Date: Wed, 25 Apr 2007 22:50:39 -0400
Reply-To: "Howard Schreier <hs AT dc-sug DOT org>" <nospam@HOWLES.COM>
Sender: "SAS(r) Discussion" <SAS-L@LISTSERV.UGA.EDU>
From: "Howard Schreier <hs AT dc-sug DOT org>" <nospam@HOWLES.COM>
Subject: Re: OT: Chance to Make SAS-L History: Did You Know That...

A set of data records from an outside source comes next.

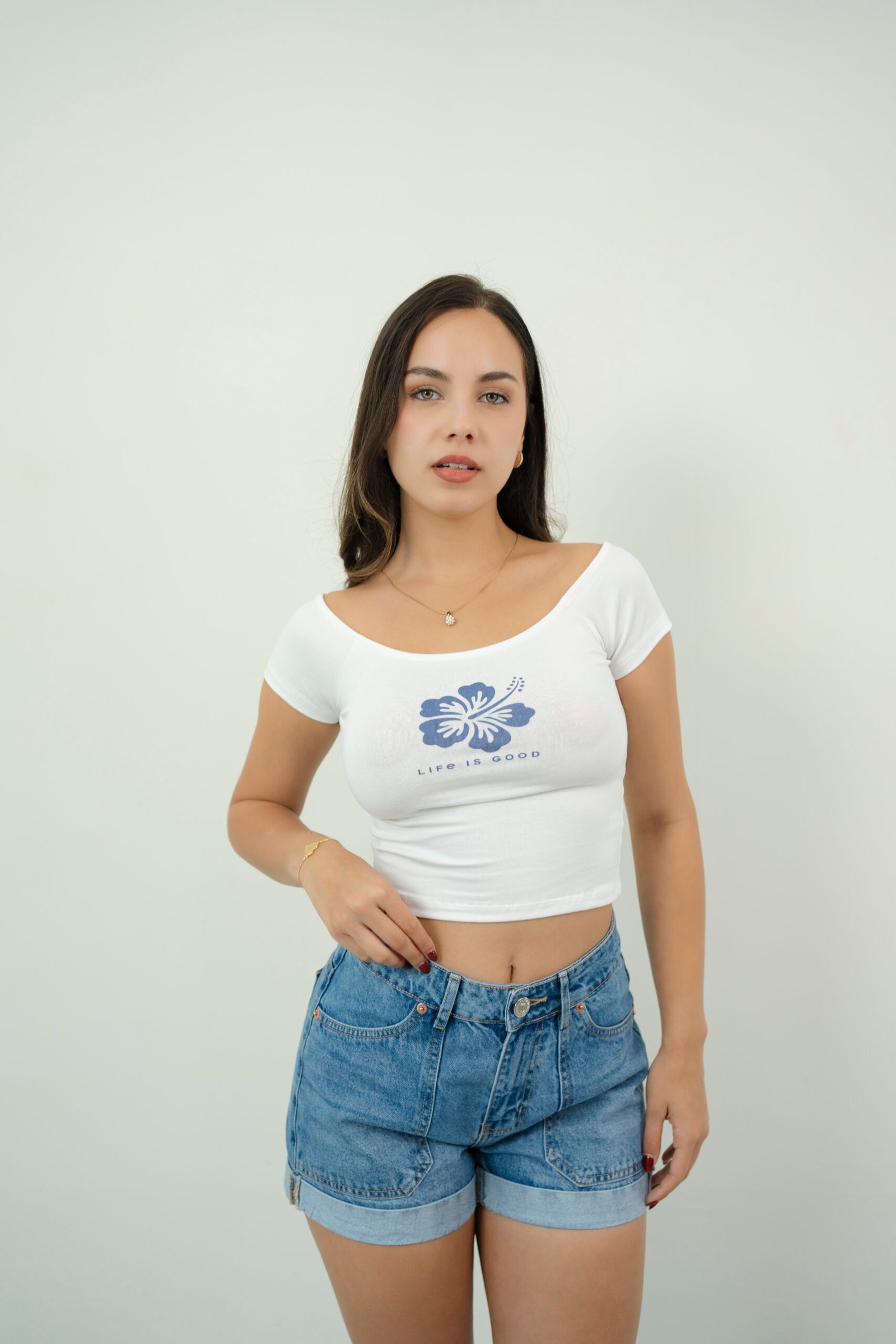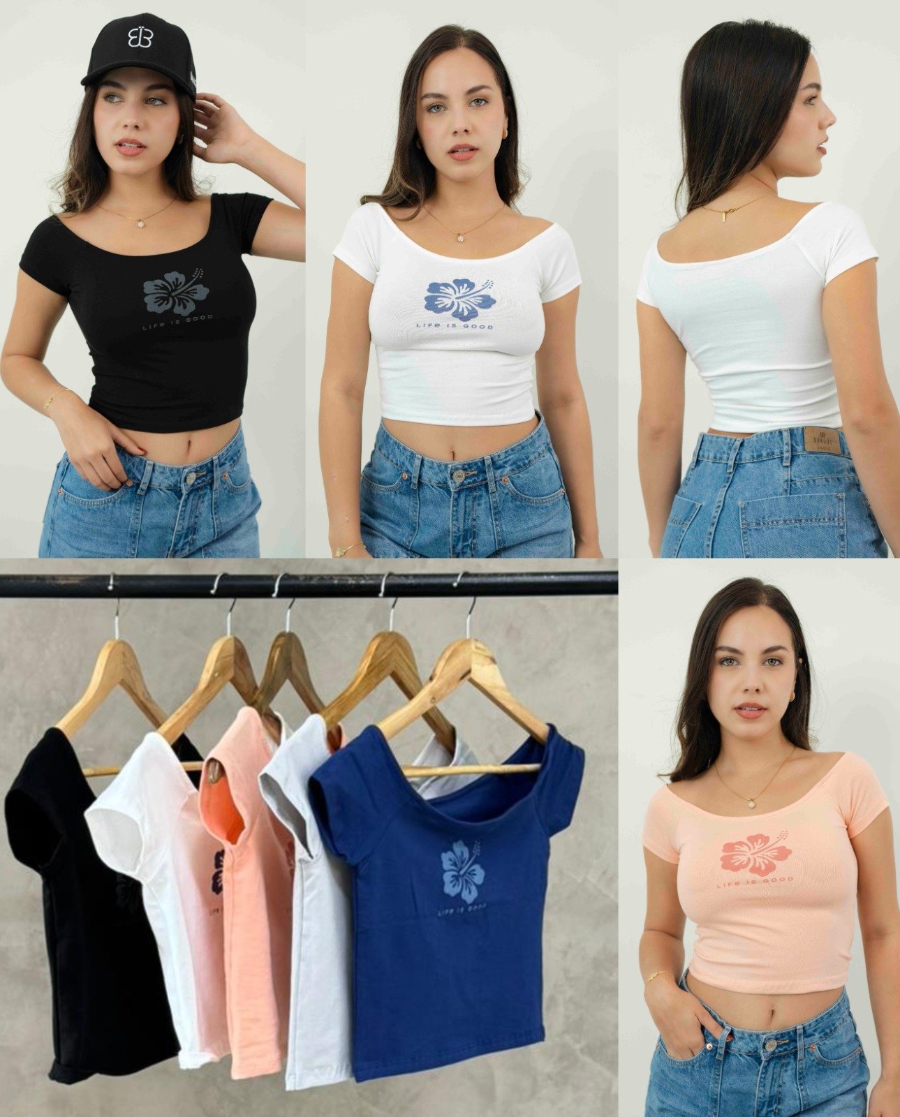 ยกLleva la vibra del verano siempre contigo! โจ Este Crop Top es el equilibrio perfecto entre comodidad y estilo.El Diseรฑo Luce un hermoso hibisco frontal con la frase ยซLife is Goodยป, ideal para un look relajado pero con muchรญsima personalidad. ๐
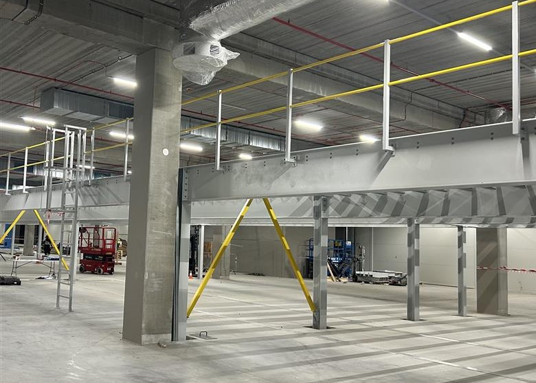 Insgesamt montierte MiTek über 32.000 m² Mezzaninfläche. „Auf neun Metern Höhe mussten wir Spiderkrane einsetzen – anders wäre das aufgrund von Gewicht und Raumhöhe nicht möglich gewesen“, so Nicholas. „Der logistische Aufwand war enorm.“
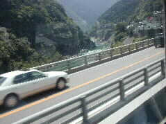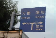 |  | 瀬戸大橋を渡りきって、いよいよ四国の高速を走ります。室戸岬への分岐点です。私達は勿論、高知めざして走ります。 高知の手前、南国で高速を降りましたが、そこまでにトンネルが19本、あると書いてありました。5000m近いトンネルが1本、3000mのトンネル2本を含んでいます。 |
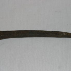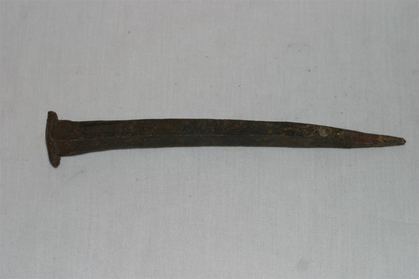 Prego, de grandes dimensões, confeccionado em metal (ferro), de haste longilínea e secção quadrangular, terminado em ponta. Extremidade superior de formato trapezoidal, com lados ligeiramente abaulados.
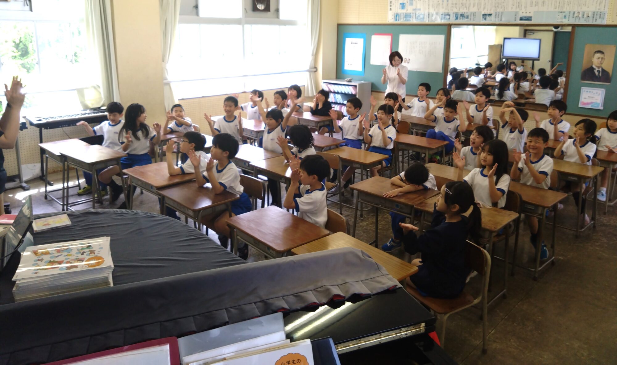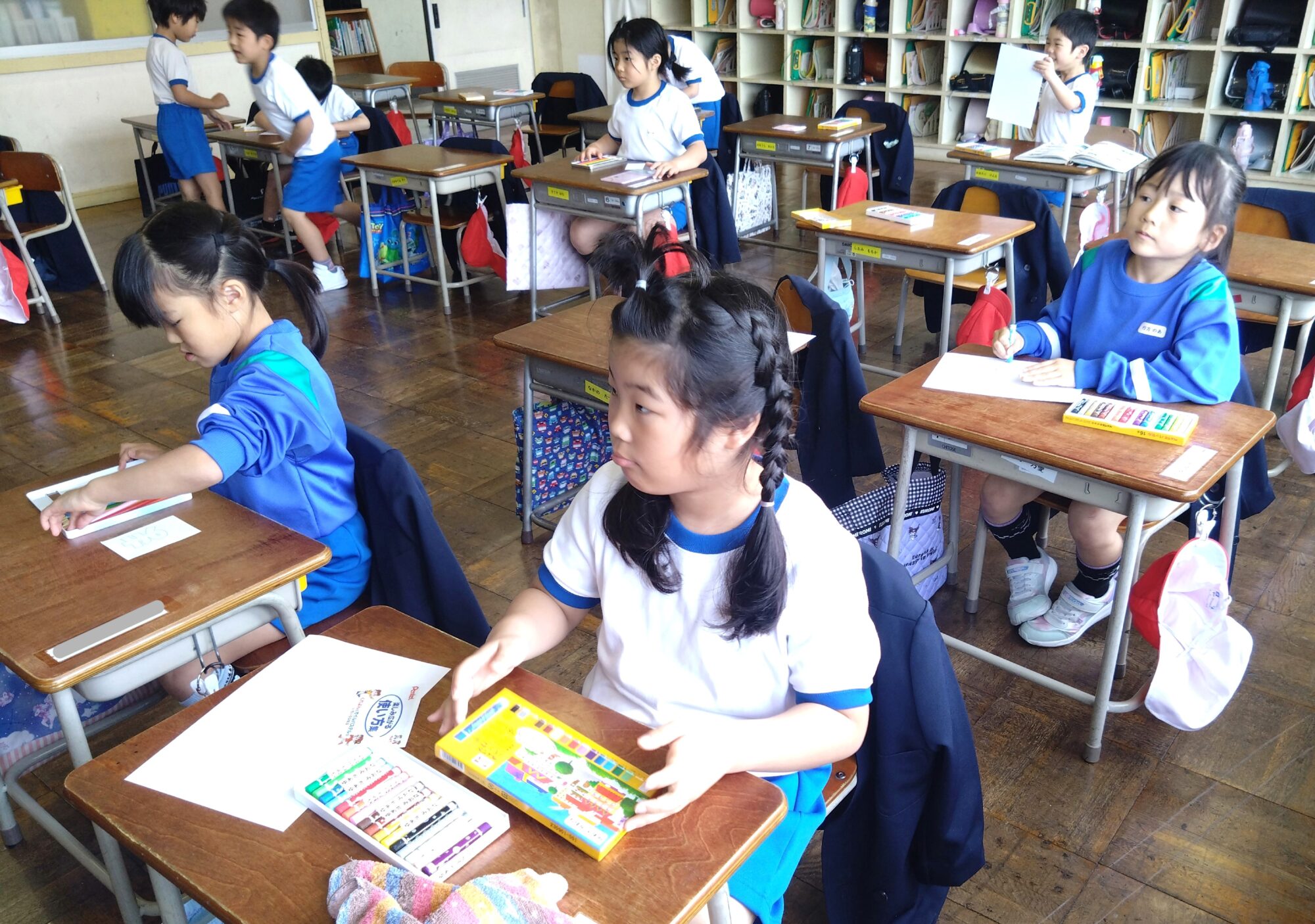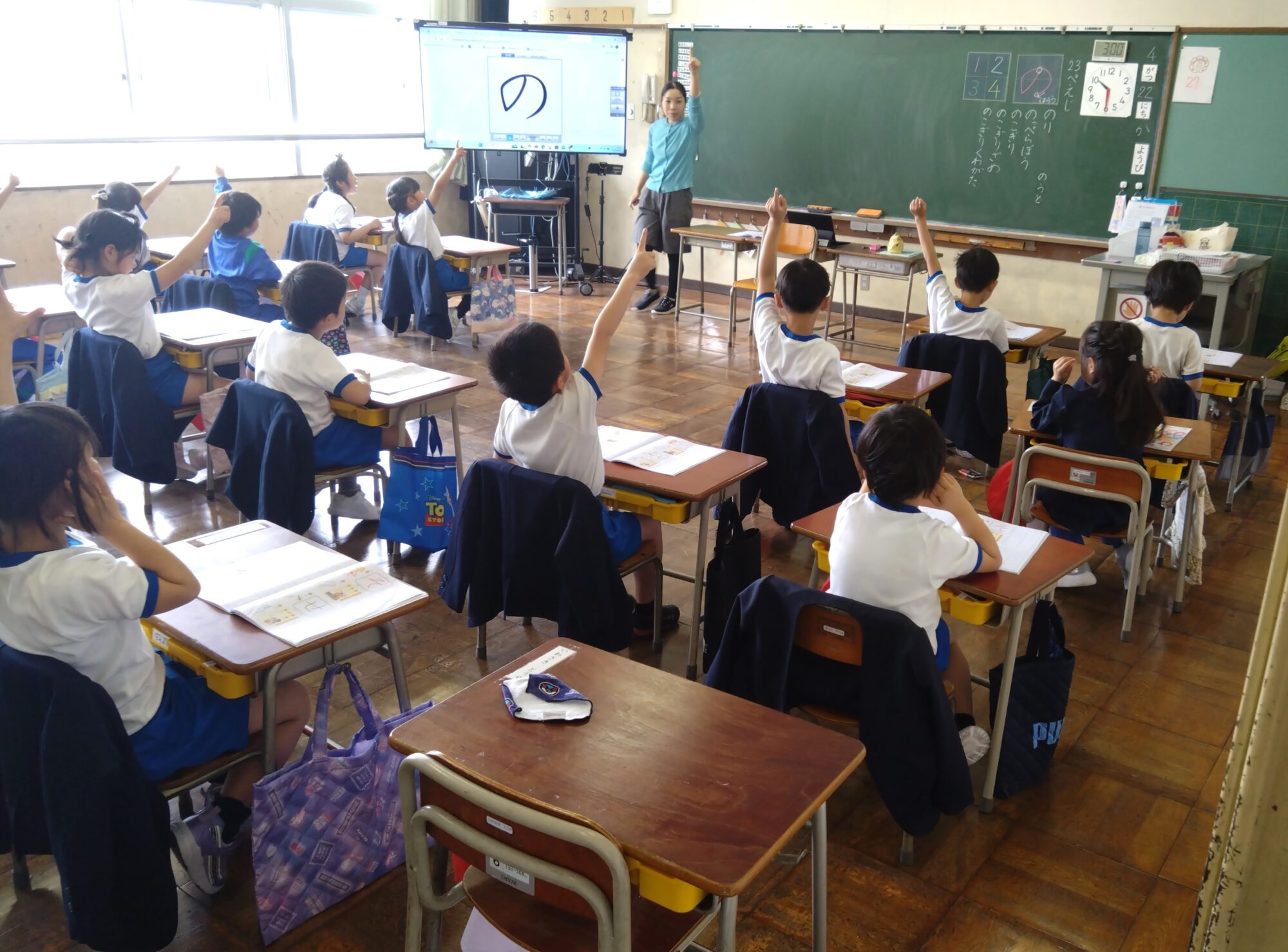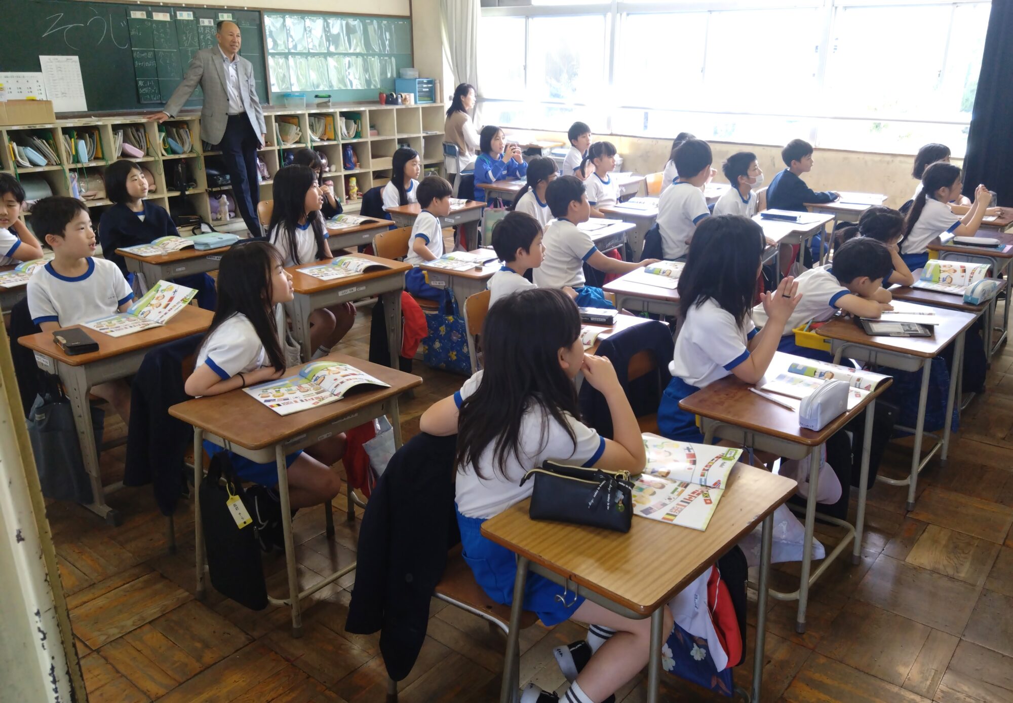 今日の3限目、各園や幼稚園の先生方が新入生の様子を参観に来られました。
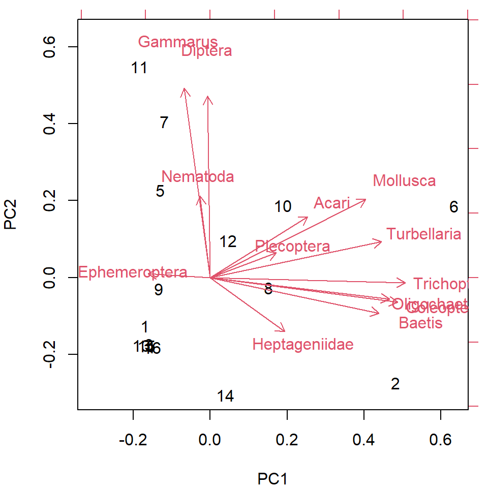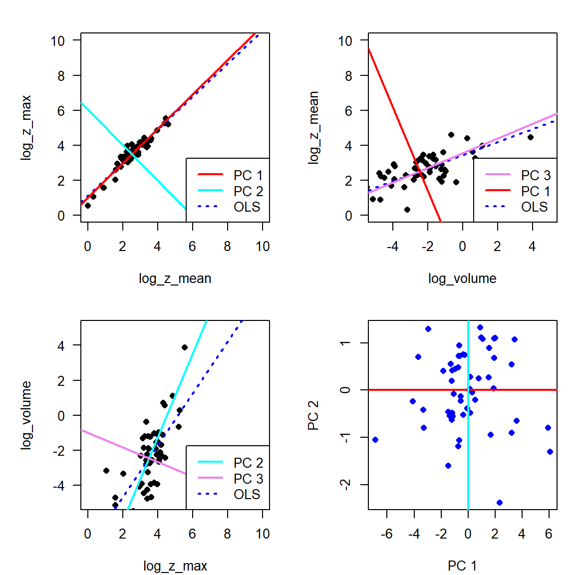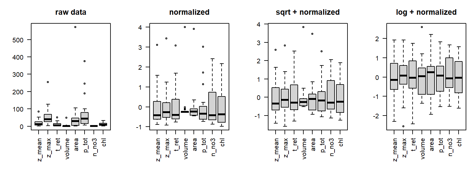 par(mfrow =c(1, 4), mar =c(6, 4, 3, 1), las =2)boxplot(lakedata, main ="raw data")boxplot(scale(lakedata), main ="normalized")boxplot(scale(sqrt(lakedata)), main ="sqrt + normalized")boxplot(scale(log(lakedata)), main ="log + normalized")
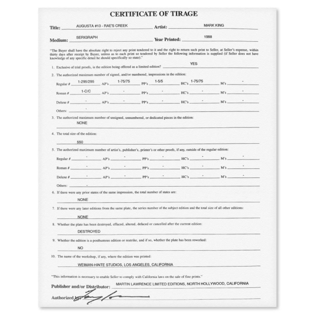 "Augusta #13 Rae's Creek" is a limited edition serigraph on paper by Mark King (1931-2014). Hand signed and numbered, this piece comes with a letter of authenticity and measures approximately 40" x 30" (image).
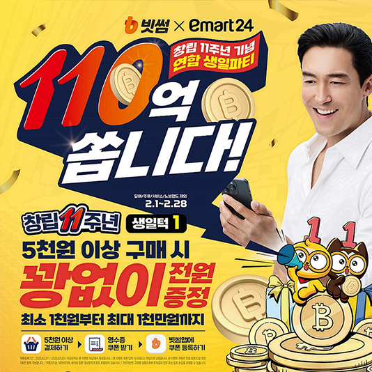 이마트24-빗썸, 창립 11주년 대규모 공동생일파티 연다!이마트24와 빗썸이 역대급 창립기념 행사를 펼친다.
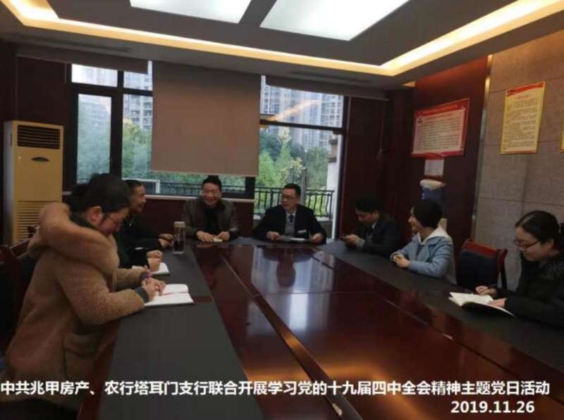 (通讯员 缪玉祥)2019年11月26日,中共重庆兆甲房地产开发有限公司、合川农行塔耳门支行党支部组织全体党员联合开展主题党日活动,学习党的十九届四中全会精神。
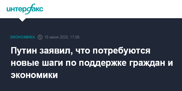 Москва. 15 июня. INTERFAX.RU - Президент РФ Владимир Путин поручил правительству проработать решения о продлении мер поддержки экономики после 1 июля.
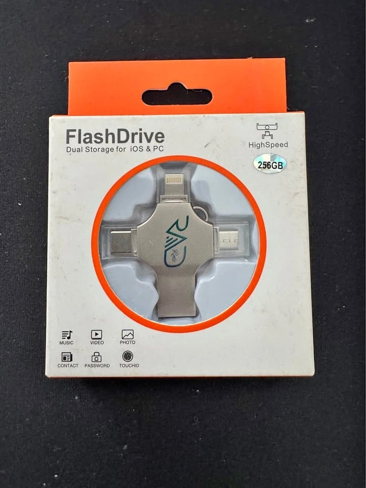 New RAD FlashDrive, 256GB storage. Useful for both iOS and PC. High-speed data transfer. Can store music, videos, photos, contacts, and passwords. Still in box.
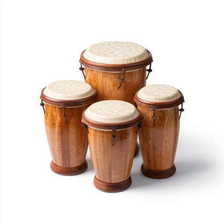 A vibrant set of wooden drums featuring intricate textures and patterns, perfect for music-related projects, creative pursuits, or community gatherings.
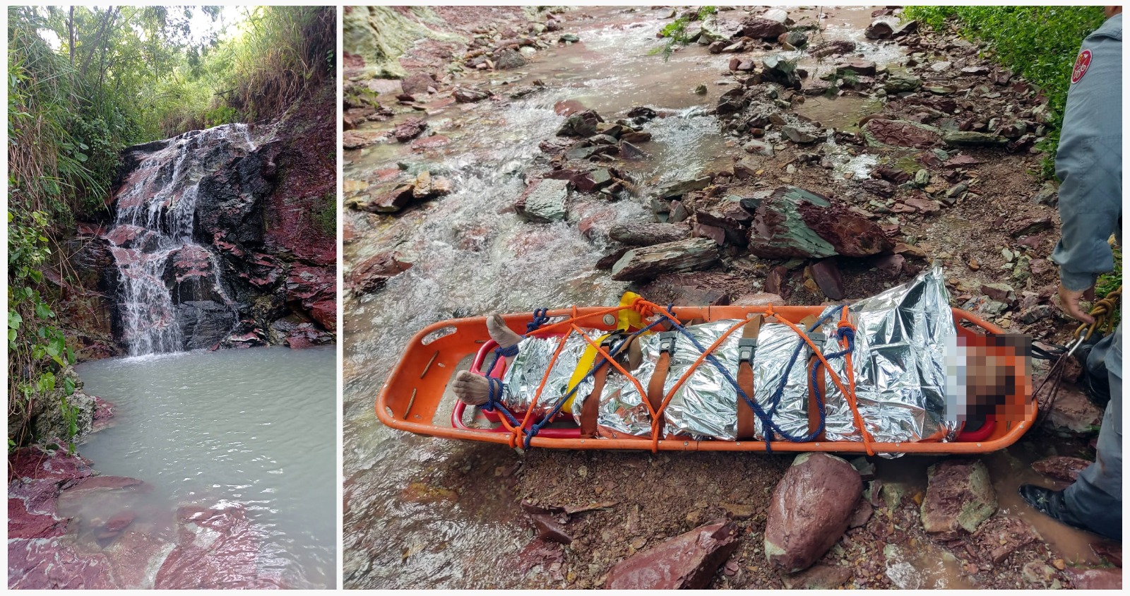 A equipe do Resgate foi a primeira que conseguiu encontrar e ter acesso a vítima que estava caída próximo a uma queda d’água de aproximadamente cinco metros. Foi constatado que o rapaz tinha uma contusão no joelho e uma luxação no ombro e por isso precisou ser imobilizado em uma prancha e ser levado até um local seguro. Para isso as equipes usaram técnicas de altura e outras práticas já que o local era de difícil acesso e com uma mata fechada. A vítima já tinha passado a noite no local e foi através dos bombeiros que conseguiu ser resgatado em segurança e levado para atendimento médico e recuperação.
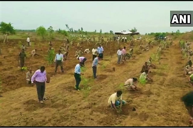 Under heavy police security, officials reportedly planted 22,000 saplings in the contentious site of forest land, spread over 20 hectares, at Sarasala village in Kumarambheem Asifabad district's Kagaznagar mandal.
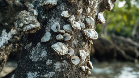 Close up of oyster shells texture on rocky surface: natural patterns and marine life details.

Content-Type: text/plain; charset=ISO-8859-1
On Wed, 25 Apr 2007 14:52:10 -0400, Paul St Louis <pstloui@DOT.STATE.TX.US>
wrote:
>Did you know that you can subset obs using Proc Format? Who woulda thunk.
>
>Data set SMALL
>Obs ID
>1 2
>2 4
>3 5
>
>Data set LARGE
>Obs ID N
>1 1 1
>2 2 1
>3 2 2
>4 3 1
>5 3 2
>6 3 3
>7 4 1
>8 4 2
>9 4 3
>
>Use PROC FORMAT to create a temporary format that assigns all ID values in
>data set SMALL the same label. Then use a WHERE statement to subset
>observations from data set LARGE where the formatted value of ID equals
>that label. The format serves, in effect, as a “lookup table.” For example:
>
>proc format;
>value $key '2','4','5' = 'Y'
>other = 'N' ;
>run;
Even better, use the CNTLIN= option to create the format from SMALL, instead
of manually transcribing values into a VALUE statement.
>
>data subset;
>set large;
>where put(id,$key.) = 'Y' ;
>run;
>
>Use PROC FORMAT to create a temporary character format named $KEY. The
>values ‘2’, ‘4’, and ‘5’ will be formatted as ‘Y’. All other values will be
>formatted as ‘N’.
>
>Create data set SUBSET with the DATA statement.
>
>Read observations from data set LARGE with the SET statement.
>Load only those observations where the value of ID, formatted with $KEY.
>via the PUT function, equals ‘Y’ with the WHERE statement. Observations
>with ID values ‘2’, ‘4’, and ‘5’ are written to data set SUBSET.
>
>Excerpt from
>Subsetting Observations from Large SAS® Data Sets
>Christopher J. Bost, MDRC, New York, NY
>NESUG 2006
|